そうであれば新宿を定点観測してもいいのだが、私にとって新宿は広すぎる。数時間で回りきれないし、新宿という街は懐が深い。西新宿はビジネス街や電気街があるし、歌舞伎町は風俗街、3丁目は伊勢丹をはじめとした大型店が集積し、2丁目には独特な嗜好を持った人が集まり……エリアによって個性や集う人が違う。
街の広さ、人の集まり具合、集まる人の感度、街のごった煮感、企業が出店する早さなど、さまざまな面でちょうどいいのが池袋だと思う。
コロナショックの驚異的な「速さと深さ」
そんな池袋から人を消し去ったのがコロナ禍だった。
コロナショックで株式市場が大暴落した20年3月、私は京都・龍安寺にいた。
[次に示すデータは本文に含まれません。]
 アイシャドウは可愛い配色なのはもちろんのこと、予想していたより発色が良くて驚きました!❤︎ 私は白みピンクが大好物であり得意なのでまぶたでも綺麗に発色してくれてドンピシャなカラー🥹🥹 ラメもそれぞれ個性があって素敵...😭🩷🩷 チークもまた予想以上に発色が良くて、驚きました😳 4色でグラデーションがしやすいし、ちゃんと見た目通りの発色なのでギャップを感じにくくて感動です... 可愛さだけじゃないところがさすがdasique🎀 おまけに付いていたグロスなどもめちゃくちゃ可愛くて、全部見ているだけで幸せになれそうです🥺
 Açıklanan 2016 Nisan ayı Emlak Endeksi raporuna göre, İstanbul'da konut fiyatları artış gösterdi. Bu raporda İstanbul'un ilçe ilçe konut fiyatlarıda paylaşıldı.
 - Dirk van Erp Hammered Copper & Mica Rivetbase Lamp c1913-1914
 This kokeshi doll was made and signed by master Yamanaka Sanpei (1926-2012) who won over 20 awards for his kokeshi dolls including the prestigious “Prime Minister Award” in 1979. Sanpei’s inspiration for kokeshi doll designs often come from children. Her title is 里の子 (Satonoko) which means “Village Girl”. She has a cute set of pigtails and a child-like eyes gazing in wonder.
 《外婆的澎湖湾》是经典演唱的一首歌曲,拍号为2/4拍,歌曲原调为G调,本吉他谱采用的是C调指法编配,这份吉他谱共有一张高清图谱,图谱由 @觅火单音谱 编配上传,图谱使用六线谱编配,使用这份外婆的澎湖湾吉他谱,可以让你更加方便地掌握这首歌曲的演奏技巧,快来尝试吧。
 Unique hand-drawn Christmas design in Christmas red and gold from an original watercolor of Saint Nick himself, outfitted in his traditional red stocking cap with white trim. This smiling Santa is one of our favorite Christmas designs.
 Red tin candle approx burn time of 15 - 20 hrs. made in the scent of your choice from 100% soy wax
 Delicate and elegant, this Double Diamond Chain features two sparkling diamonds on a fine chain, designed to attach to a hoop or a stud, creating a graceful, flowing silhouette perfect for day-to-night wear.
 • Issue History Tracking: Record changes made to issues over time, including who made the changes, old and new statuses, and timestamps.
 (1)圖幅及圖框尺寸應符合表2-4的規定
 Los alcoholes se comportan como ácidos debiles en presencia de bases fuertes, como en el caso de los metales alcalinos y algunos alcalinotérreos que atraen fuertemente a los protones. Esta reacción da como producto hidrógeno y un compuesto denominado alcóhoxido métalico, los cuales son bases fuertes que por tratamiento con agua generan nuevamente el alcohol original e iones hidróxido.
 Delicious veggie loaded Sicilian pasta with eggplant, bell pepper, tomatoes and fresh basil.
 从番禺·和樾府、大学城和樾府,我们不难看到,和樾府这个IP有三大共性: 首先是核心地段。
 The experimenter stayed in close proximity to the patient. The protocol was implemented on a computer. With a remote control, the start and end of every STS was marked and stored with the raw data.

石庭で有名な日本を代表する禅寺だ。しかし、暴落する株価を見ながら私はスマホで株アプリを操作していた。
「このままでは死んじゃう……!」
暴落により信用維持率が70%台まで低下していたからだ。信用維持率が30%を割り込むと「追証(追加証拠金)」の入金が必要になる。私のキャッシュ(現金)比率はいつもほぼゼロ。追証を求められても入金できる現金はない。
追証を入れられないと保有株を切られてしまうが、追証が発生するほどの暴落の底で売らされるのはたまらない。絶対に避けたい事態だ。
「信用維持率をせめて90%台に戻さなければ」
そう思い、信用取引で買ったポジションを処分していった。かのスティーブ・ジョブズも眺めながら思索にふけった石庭だというのに、私は煩悩と邪念に心を支配されていた。
だがその投資行動は結果的に大間違いだった。龍安寺で処分した平和不動産は底値から2.8倍へ、スシローはコロナ禍でのテイクアウト需要にうまく対応したことから4.3倍へと急騰していった。そのまま握っていれば、今頃、資産は10億円へと達していただろう。
なぜ慌てて処分せざるを得なかったのか、信用維持率が70%台へ低下する前に対応できなかったのか? 原因はコロナショックの「速さと深さ」だ。